Mr. Epstein begins his piece assuring his reader that "the biggest fools of all may well be those who believe that contemporary poetry matters in the least...." What he means is, "Contemporary poetry does not matter to me."

This is too bad, for him, but really nothing new under the sun. His closing adjuration, mommas don't let your babies grow up to be poets, echoes something a lot of people have said, not the least of whom is T.S. Eliot.

Fondness and foolishness have always been bonded together, and that is where the heart of poetry lies. Homer is exceptional; but all that poetry (including some very great poetry) requires is for one verse or one line to strike a chord in one reader. Many classics have been salvaged thanks to a single copy someone held onto.

The academicization of poetry is an odd phenomenon, and perhaps has more to do with the money available to it in the form of literary prizes and emoluments, which--highly publicized endowments aside like that of the pharmaceutical heiress to Poetry Magazine--seems rather more illusory than not.

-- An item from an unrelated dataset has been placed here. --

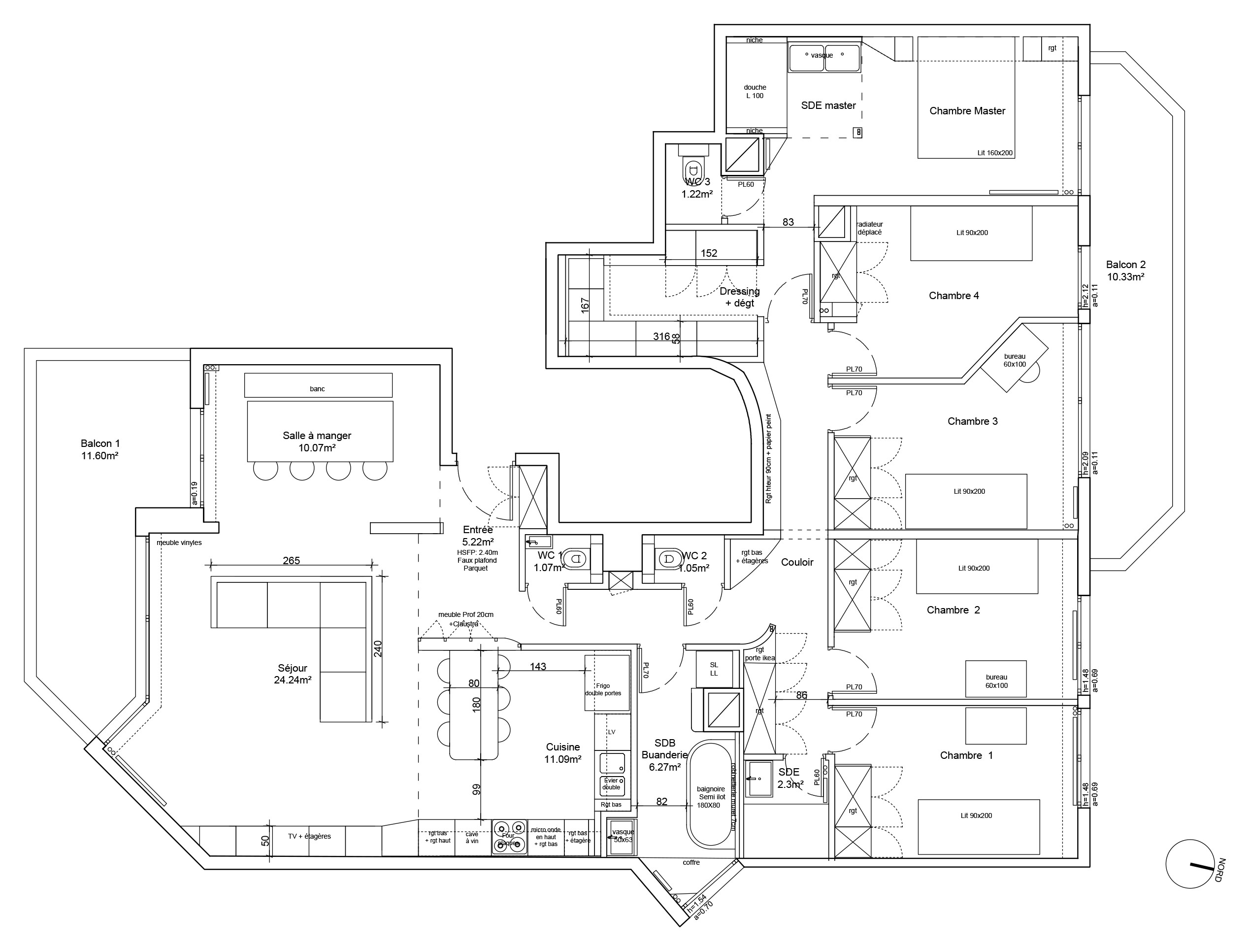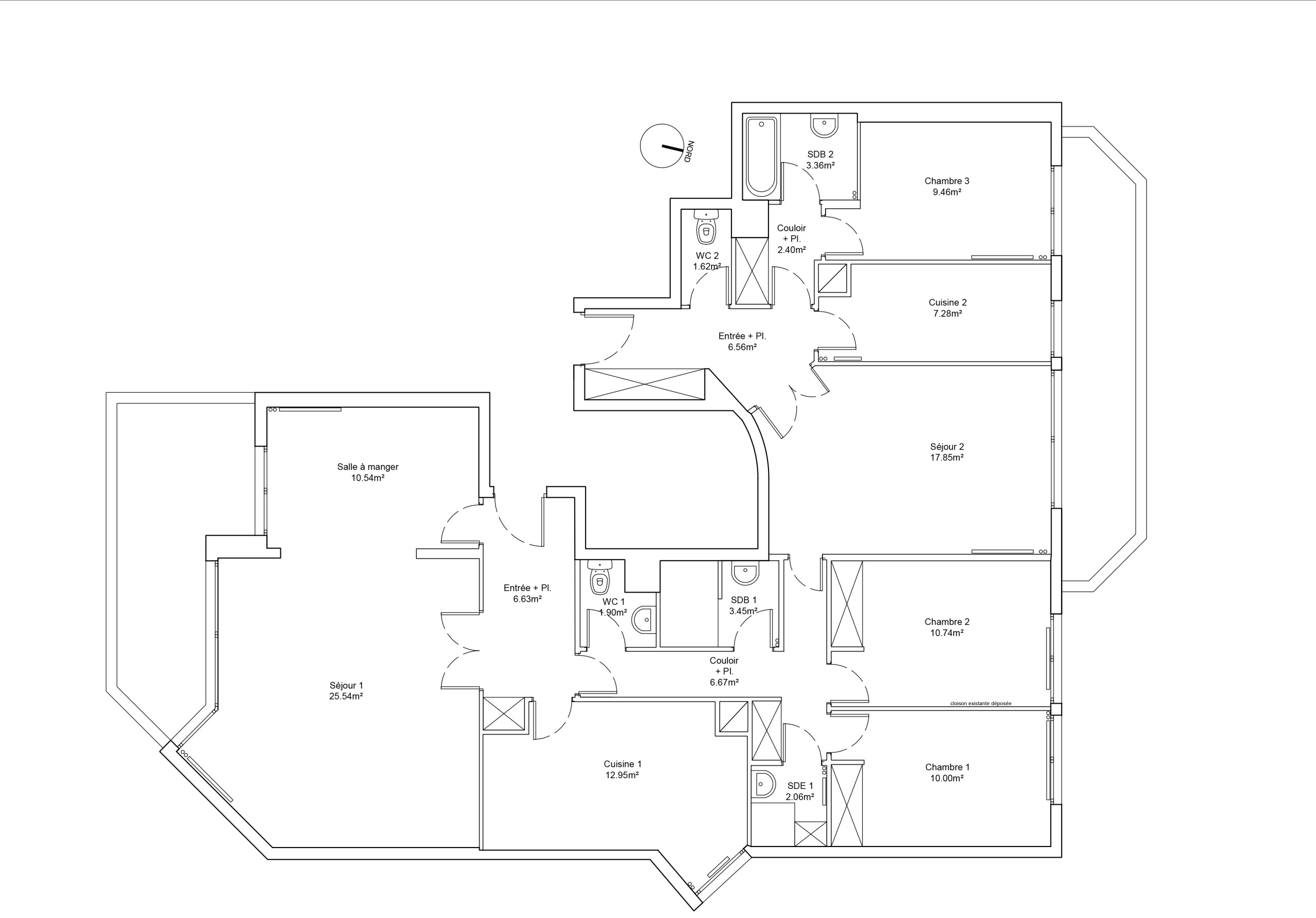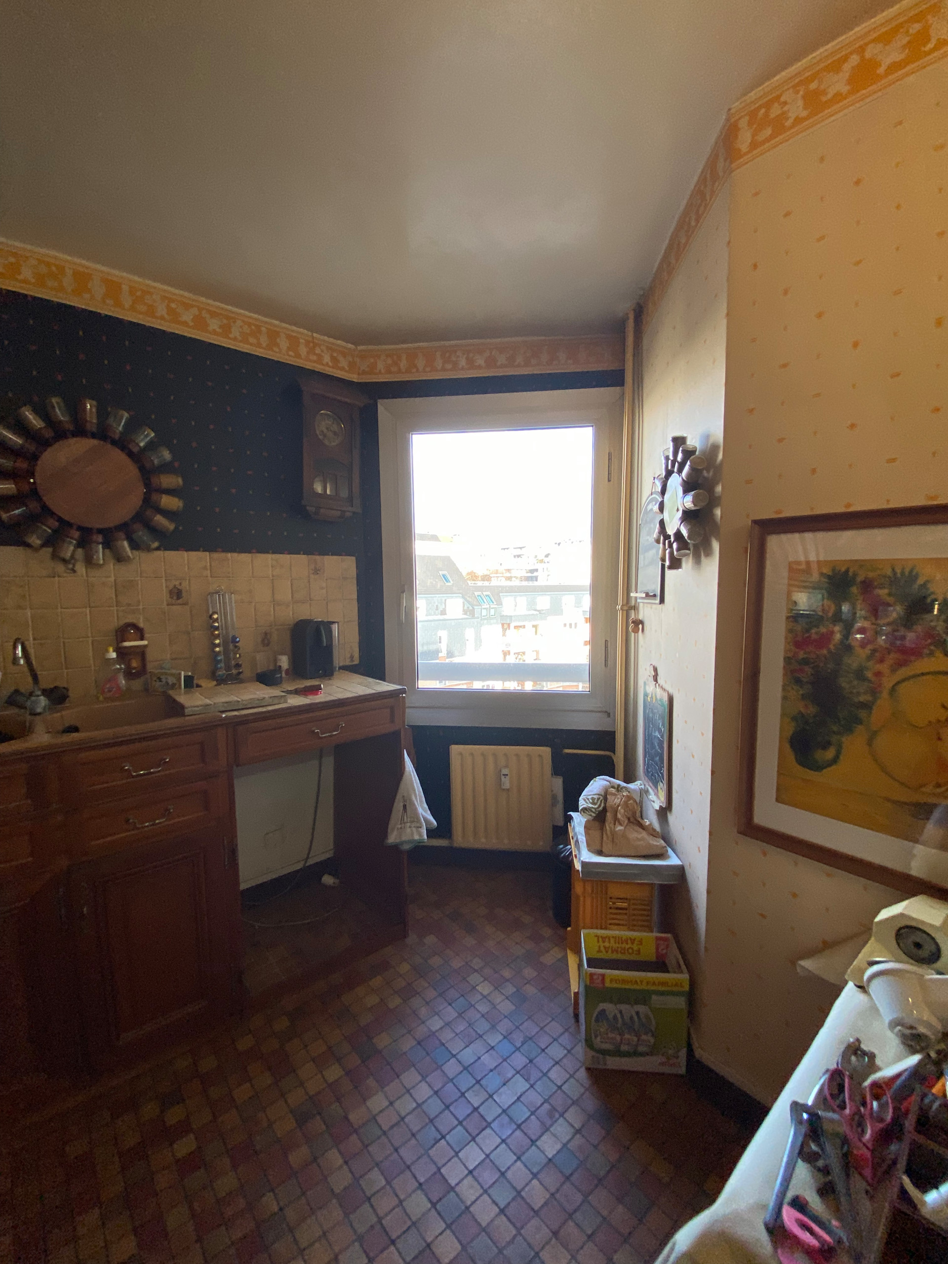 Après. L’architecte Stéphanie Bertina Minel, appelée au moment de la promesse de vente par les maîtres d’ouvrage, se souvient « de surfaces lumineuses et d’une belle situation, des balcons avec une vue sur la Seine et la tour Eiffel, d’une double exposition sud/nord très intéressante et, effectivement, de la possibilité de créer une grande pièce de vie ouverte et cinq chambres comme le souhaitait ce couple ».
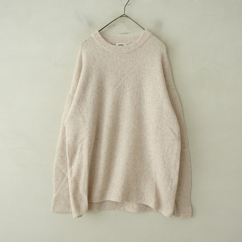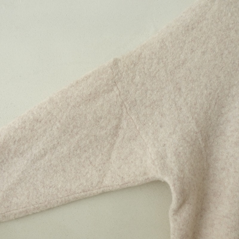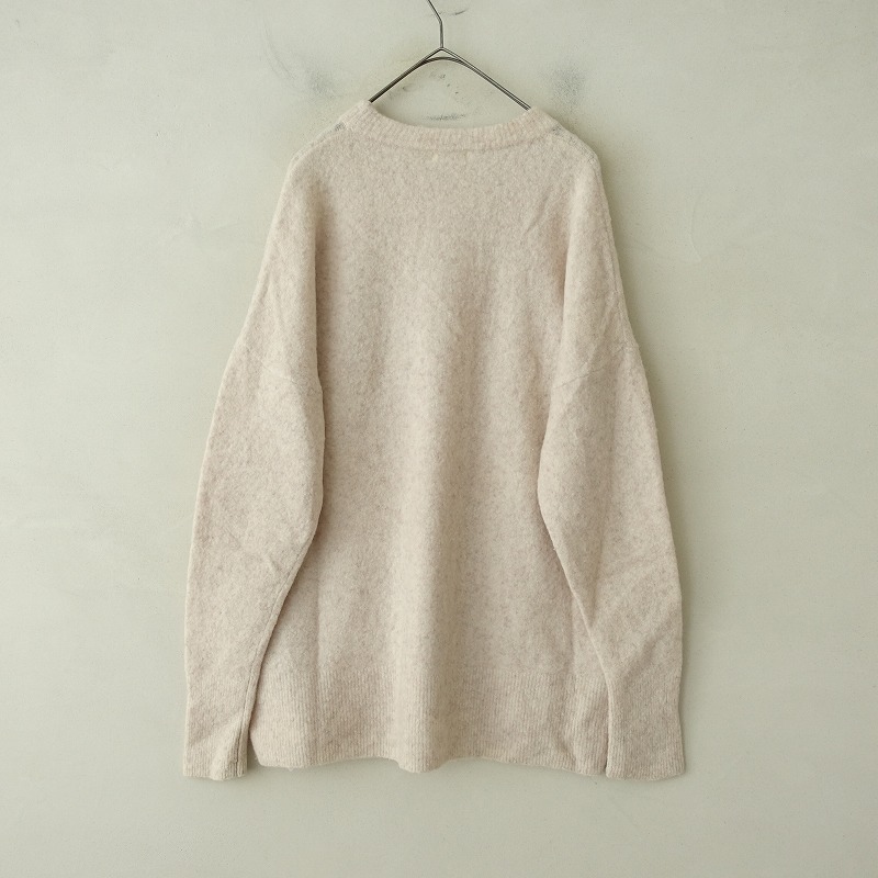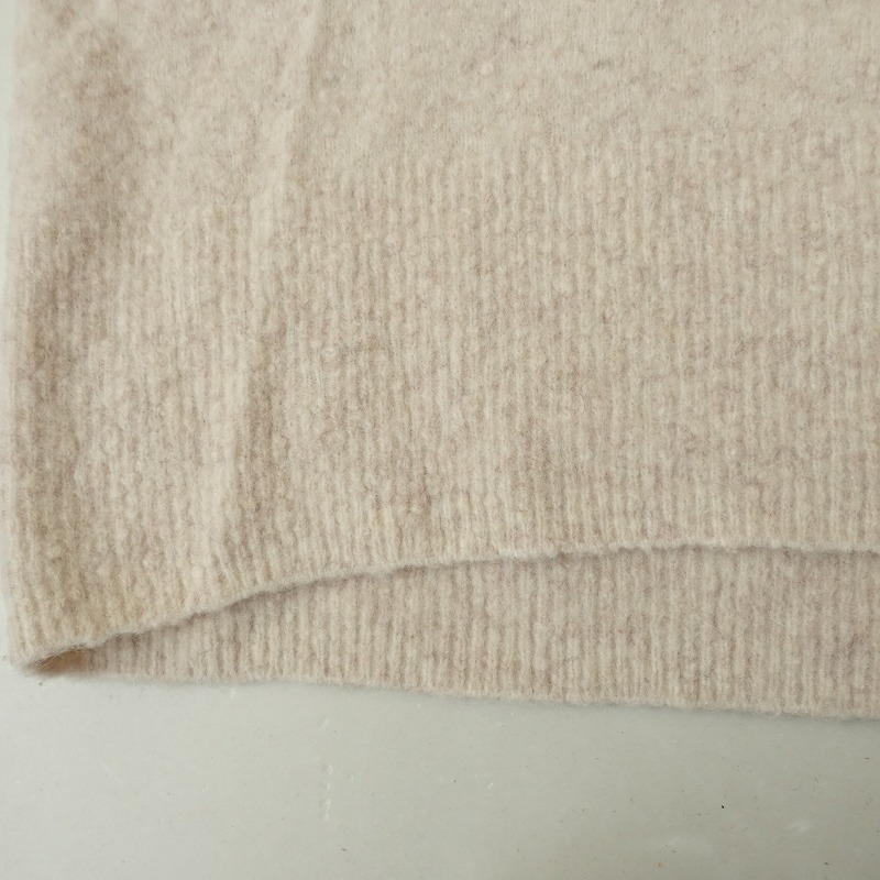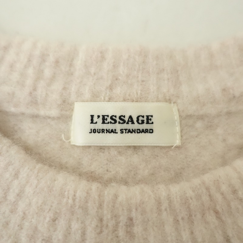 | JOURNAL STANDARD Lessageのウール混ニットプルオーバーです。カラーはライトベージュで、縮絨されたような中厚手の起毛ニット地で仕立てられております。定価(メーカー希望小売価格)28,600円 税込みの商品です。 |

One is left with the dinner guest of Montesquieu's Persian Letters: "'That is a poet,' he said,'the buffoon of the human race. His kind of people say that they are born what they are, which is true, and it is what they will remain all their life, namely the most ridiculous of men, almost without exception. Consequently, they are shown no mercy; contempt is heaped upon them unstintingly.'" (From the Penguin translation by C.J. Betts.)

Epstein is tongue-in-cheek and stinting, though I am not sure if that is always to his credit.

Alan Caruba said...

Thank you, David. Epstein may have written with tongue in cheek, but I took him at his word.

My friend, Maxine Kumin, a former US Poet Laureate, enjoyed my commentary too.

David X. Novak said...

I imagine that Epstein would agree with your concluding statement, and I suspect his scorn arises from a genuine hurt or disappointment that (he feels) poets of a later date have not lived up to that "greatest generation" whose lines he remembers so well.